# Thread: Ok I am drawing a blank

1. ## Ok I am drawing a blank

$\displaystyle integral$(e^(-x²))...from there I went to e^(-x²)≡$\displaystyle sigma$[(-x²)^n/n!]=$\displaystyle sigma$[(-1)^n*x^(2n)/n!] so$\displaystyle integral$(e^(-x²))=$\displaystyle integral$[!]=$\displaystyle sigma$[(-1)^n*x^(2n)/n!] dx]...but I am stuck on where to go from here if there is route

2. ## Sorry

It should read $\displaystyle integral$(e^(-x²))=$\displaystyle sigma$[(-1)^n*x^(2n)/n!] dx]...

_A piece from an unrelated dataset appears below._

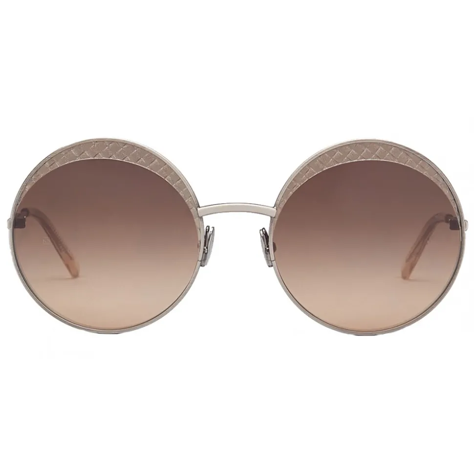 Bottega Veneta – Cross Metal Round Sunglasses – Silver Brown

3. Well it's just a direct application of Maclaurin series for $\displaystyle e^x.$

4. ## This is embarrassing

I've learned it but forgotten could you elaborate

5. Originally Posted by Mathstud28
$\displaystyle integral$(e^(-x²))...from there I went to e^(-x²)≡$\displaystyle sigma$[(-x²)^n/n!]=$\displaystyle sigma$[(-1)^n*x^(2n)/n!] so$\displaystyle integral$(e^(-x²))=$\displaystyle integral$[!]=$\displaystyle sigma$[(-1)^n*x^(2n)/n!] dx]...but I am stuck on where to go from here if there is route
$\displaystyle \int \sum_{n=0}^{\infty}\frac{(-1)^nx^{2n}}{n!}dx=\sum_{n=0}^{\infty}\frac{(-1)^nx^{2n+1}}{n!(2n+1)}$

6. ## Just checking

but that holds true because n! and (-1)^n are constants and you just yanked them out evaluated your integral and then reintroduced them?